General Atlantic, Francisco Partners sue over break-up fee

The two private equity firms have filed a lawsuit against Aeroflex, which last month terminated its $1 billion buyout agreement with the pair in favour of a higher offer from Veritas.

Technology company Aeroflex is being sued by General Atlantic and Francisco Partners for allegedly breaching the termination clauses of their $1 billion (€740 million) merger agreement. Aeroflex terminated the agreement on 25 May, after accepting a $1.1 billion offer from a consortium led by Veritas Capital and financed by Veritas, Goldman Sachs and Golden Gate Capital.

Aeroflex, GA and Francisco apparently disagree as to whether the termination fee owed is a “company termination fee”, equivalent to $30 million as per their merger agreement, or a “parent termination fee”, equivalent to $22.5 million.
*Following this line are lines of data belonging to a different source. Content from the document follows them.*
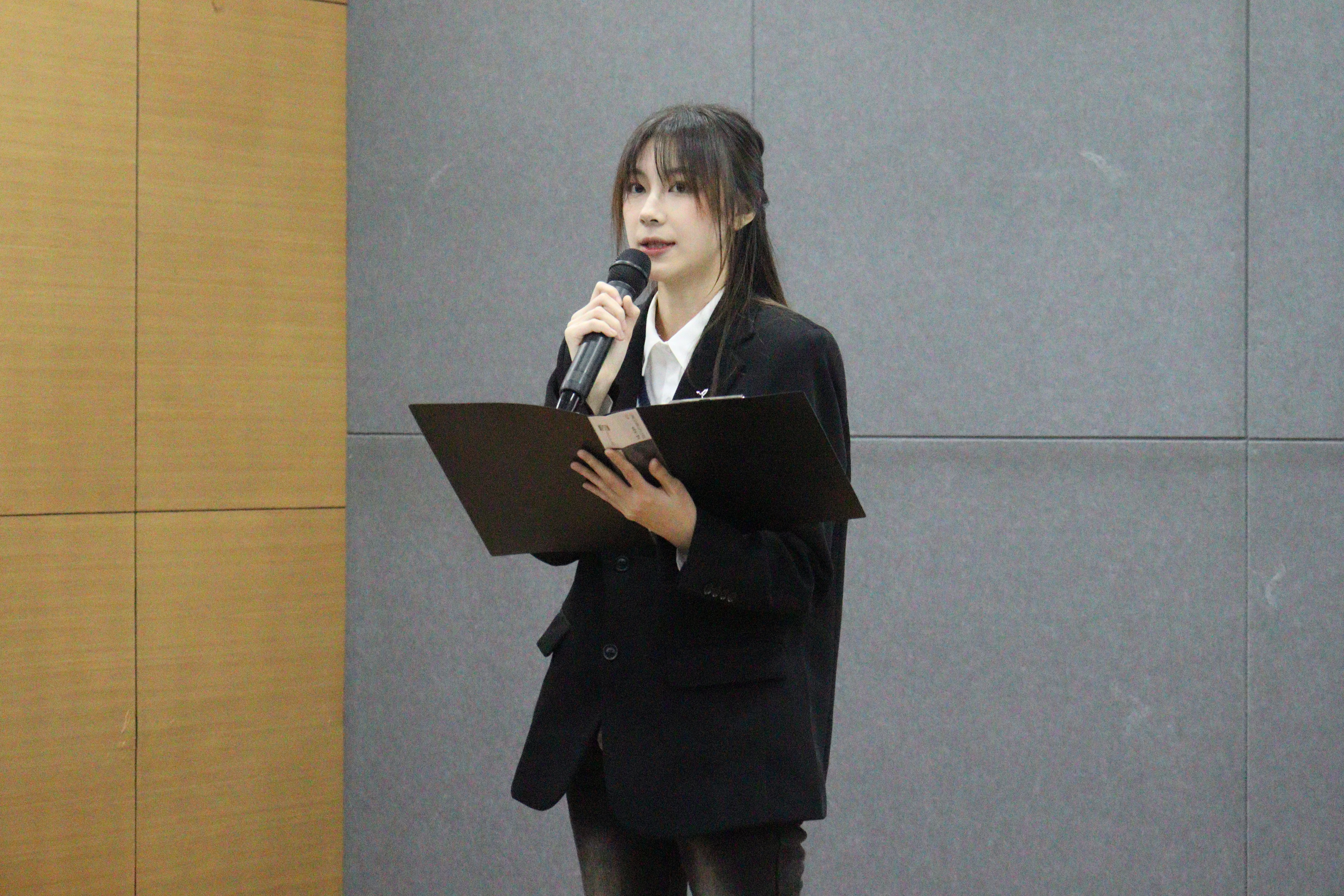 最后,学工助理团学生干部代表陆秋艺对2023-2024学年学工助理团工作部署及展望展开了叙述。她着重提到了学工助理团的成员们要秉持为他人奉献的精神为学院的老师和同学们服务,不仅要在工作时善于思考和计划,在为人处世上更要严格要求自己,为广大同学们树立一个良好的形象、为物联网工程学院的发展贡献自己的一份力量。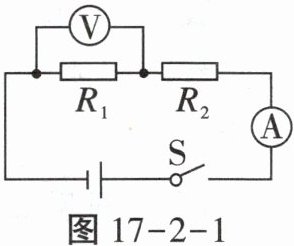 例3 如图17-2-1所示,电源电压保持不变,$R_{2}$的阻值为20Ω,闭合开关后,电压表的示数为2V,电流表的示数为0.2A。求:(1)$R_{1}$的阻值;(2)电源电压。_____
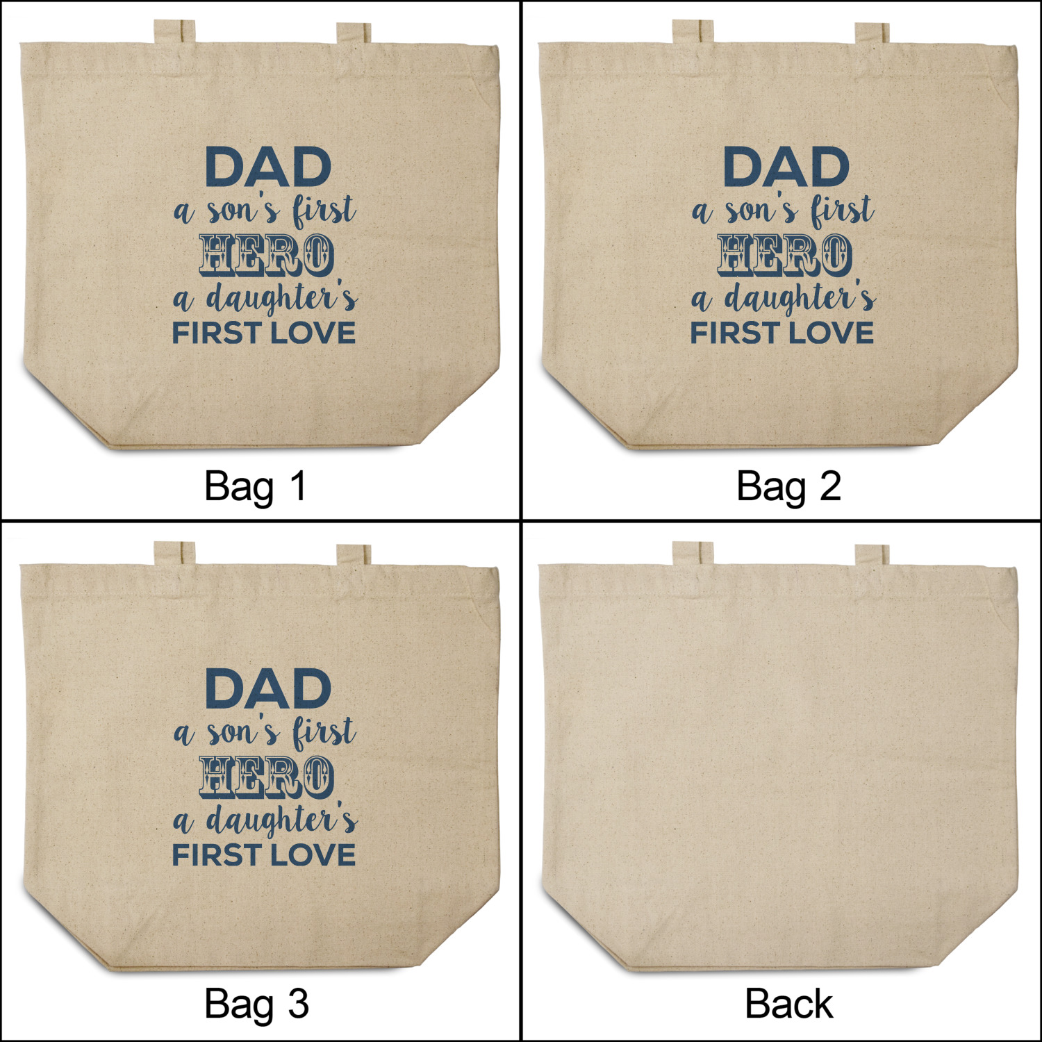 Our cotton totes are perfect for groceries, and can also be used to haul other stuff around as well. These totes are slightly larger than an average size tote - these cotton totes are 15" wide by 17" high, and have a 6" bottom gusset, which means they can hold more stuff and bulkier items.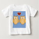 design de duas corujas em pé junto com um coração vermelho de amor entre elas em um fundo azul-céu. Design de desenho animado bonito e peculiar inspirado pelo amor e amizade.

The merger agreement also states that in certain circumstances relating to termination, Aeroflex is expected to pay the private equity firms $7.5 million for expenses incurred.

According to a document filed by Aeroflex with the Securities and Exchange Commission, the suit alleges the higher fee is owed because Veritas, Golden Gate and Goldman were not “excluded parties” under terms of the merger agreement.

Aeroflex said in the filing that “the allegations in the complaint are without merit”, and that it intends “to defend against them vigorously”.

General Atlantic declined to comment.